I have been reading this paper and found simple numerical formulations to model the time duration, affected depth and amount of warming of marine sediments. The author uses a rudimentary estimate of the depth to which sediments are affected by an instantaneous, sustained temperature change DT in the overlying air or ocean waters that can be made using the diffusive length scale:
1 = √kt (1)
which describes the depth (m) that 0.5 DT will propagate in elapsed time t (s). k denotes thermal diffusivity, which ranges from ~0.6 to 1x10-6 m2/s for unconsolidated sediments.
For instance, it is said that over 10, 100, and 1000 yr, the calculation yields maximum of 18 m, 56 m, and 178 m, respectively, regardless of the magnitude of DT. However, in page 6 (section 3), it is said that using a DT=1.25ºC (plus some other assumptions) during 100 yr of sustained warming affects a depth of ~40 m.
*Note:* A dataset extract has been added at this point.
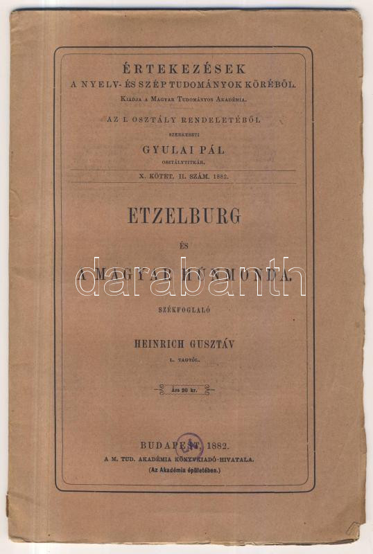 https://www.darabanth.com/en/159-Online-auction/159.0/Other-collectibles/Books-History~1200027/Heinrich-Gusztav-Etzelburg-es-a-magyar-hunmonda-szekfoglalo-Ertekezesek-a-nyelv-es-sze~II509485

How about if just DT is changed to 4ºC? deeper than 40 m in the same 100 yr?
I understand that (1) can be used to estimate both the time of the sustained warming and the affected depth. However, this formula does not provide a way to define the amount of warming or to estimate how much warming was applied if time and depth are known. Is there a formula for the amount of warming that complements (1)?